A lot of people have asked me what I do to lose and keep off over 100 lbs, other than running, of course. I do a variety of things, tennis included (when it's not raining), but I utilize a lot of Jillian Michael's circuit training workouts. These are workouts I got from her site when I was a member. I also have these on flash cards that I bought a couple years back.
Hot Bod in a Box - calisthenic-based exercises with diagrams from Jillian Michaels
Basically, each workout consists of five circuits of two-to-three individual exercises that are repeated three times before moving on to the next set of two-to-three exercises. They are almost all calisthenic-based exercises (jumping jacks, jump rope, squats, etc...), which is great, because you don't need a lot of fancy equipment or a whole lot of room to get the workout done. Depending on the exercises of the day's circuits, I can usually complete a workout in 50-60 minutes and I get a very respectable burn of about 400-500 calories (it's not running, but it's pretty decent).

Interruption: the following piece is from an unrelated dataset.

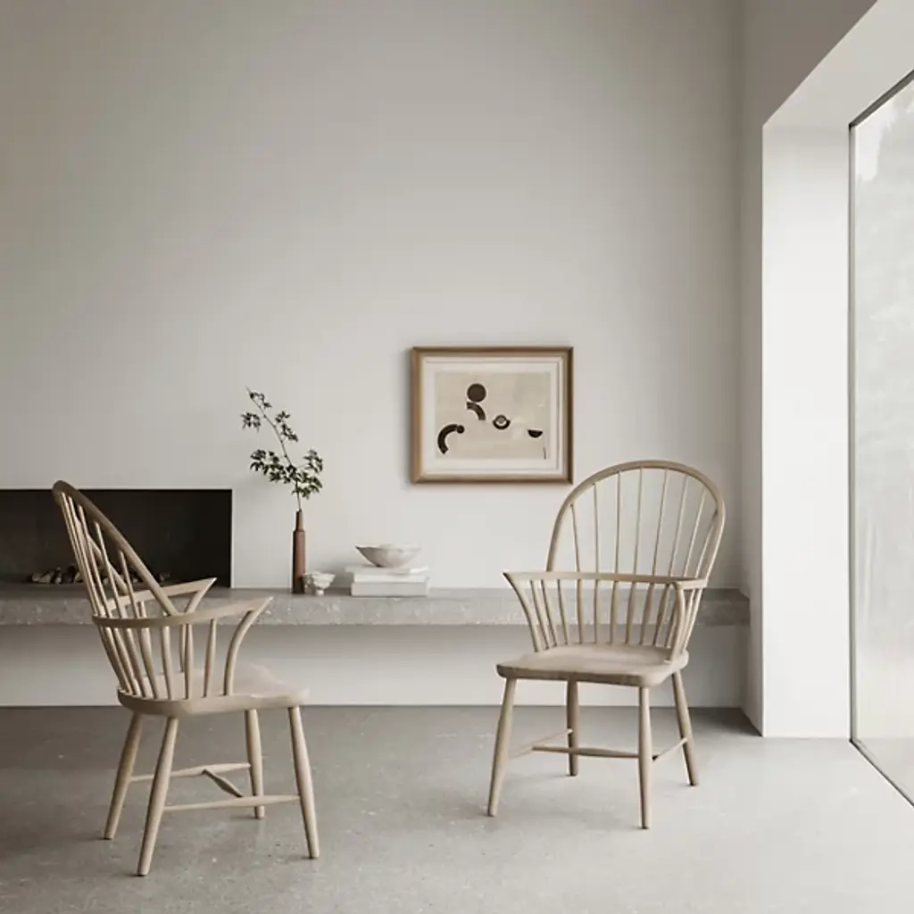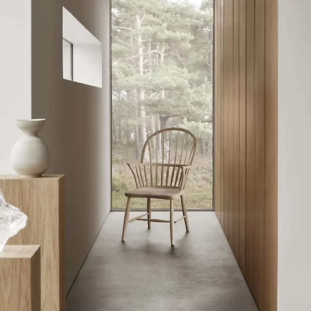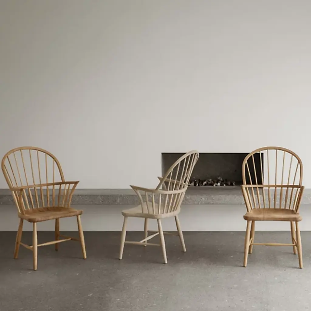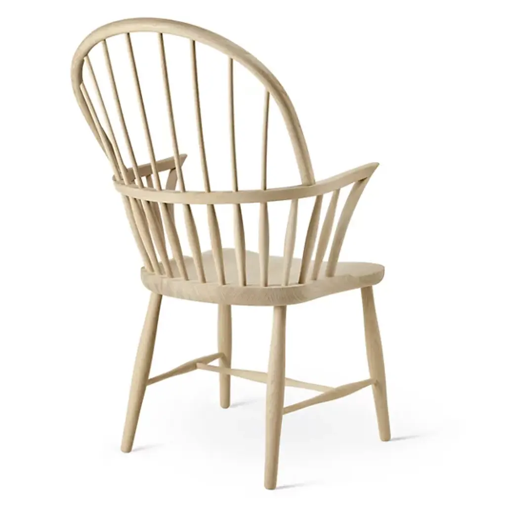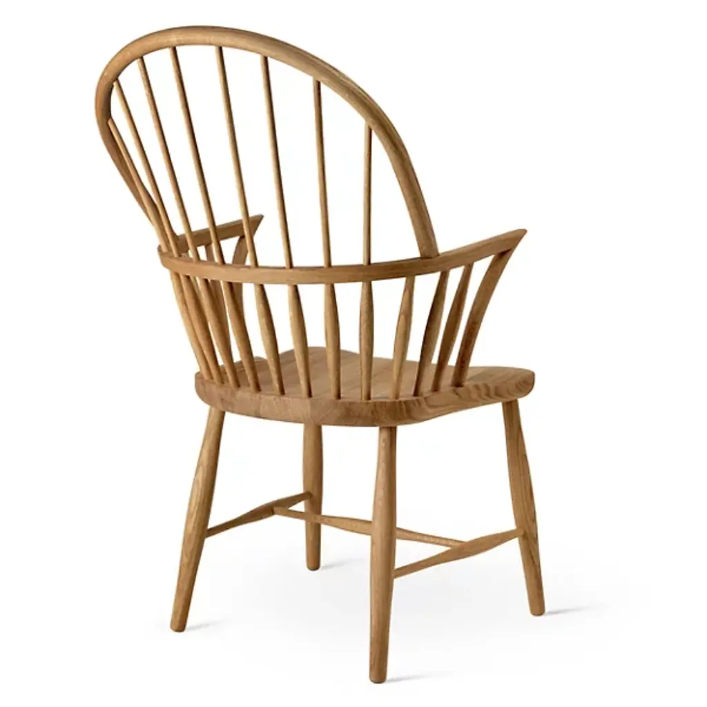 The FH38 Windsor Chair from Carl Hansen is an enveloping seating companion crafted in 1938 by Danish icon Frits Henningsen with the idea that craftsmanship is essential. Architect and cabinetmaker Frits Henningsen was renowned for his perfectionist style, one that presented the traditional design with an expressive quality. Here, Henningsen presents a unified wood structure comprised of intricately arranged and sanded segments. The eyes instantly lock onto the dynamic curves of the shell-like arm and backrest, elements that hug while letting air pass through. The seat rest features intricate contours that showcase the beauty of the wood and mirror the features of the lower body for comfort.

I keep around a large exercise ball for exercises like dumbbell chest press or dumbbell chest fly, a set of 7lb. weights, a mat (because I drip sweat a lot) and a timer.
Here's the workout I completed today.
Circuit 1
1) Dumbbell Chest Press
3 sets of 15
2) Jumping Squat
3 sets of 15
3) Jumping Rope
3 sets of 1 minute
So, I did one set of 15 chest press, 1 set of 15 jumping squats and 1 minute of jumping rope. Then I repeated 2 more times before moving on to circuit 2.
Circuit 2
1) Sumo Squat
3 sets of 10
2) Dumbbell Chest Fly
3 sets of 15
3) Stair Steps
3 sets of 1 minute
(Up and down on the bottom step of my stair fast for 1 minute)

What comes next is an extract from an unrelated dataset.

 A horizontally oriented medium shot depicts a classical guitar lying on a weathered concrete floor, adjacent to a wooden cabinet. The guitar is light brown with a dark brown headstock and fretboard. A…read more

So, I did one set of 10 sumo squats, 1 set of 15 dumbbell chest fly and 1 minute of stair steps. Then I repeated 2 more times before moving on to circuit 3.
Circuit 3
1) Reverse-Grip Shoulder Press
3 sets of 12
2) Wall Squat
3 sets of 1 minute
3) Jumping Rope
3 sets of 1 minute
Repeat circuit until you have completed it 3 X total.
Circuit 4
1) Lateral Shoulder Raises
3 sets of 12
2) Double Crunch
3 sets of 25
3) Mountain Climbers
3 sets of 1 minute
Repeat circuit until you have completed it 3 X total.
Circuit 5
1) Triceps Kickbacks
3 sets of 15
2) Jumping Rope
3 sets of 1 minute
3) Plank (hold static contraction) - on hands, but you could do on forearms, too
3 sets of 1 minute
Repeat circuit until you have completed it 3 X total.

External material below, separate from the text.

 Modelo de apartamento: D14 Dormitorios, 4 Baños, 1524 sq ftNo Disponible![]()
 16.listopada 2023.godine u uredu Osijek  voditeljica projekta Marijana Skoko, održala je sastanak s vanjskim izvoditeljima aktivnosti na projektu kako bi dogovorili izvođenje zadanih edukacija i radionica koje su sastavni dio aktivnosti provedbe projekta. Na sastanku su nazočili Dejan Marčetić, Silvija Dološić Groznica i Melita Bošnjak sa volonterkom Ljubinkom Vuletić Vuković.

If you don't know what some of these exercises are, just Google them and you'll find a variety of sites that demonstrate the move.
I like to have loud music on when I'm doing these workouts, so I can motivate myself to keep going. It sure feels good when you finish one of these workouts. The best thing about these calisthenic-based exercises is that the possibilities for variety of workouts is endless. Try it out sometime.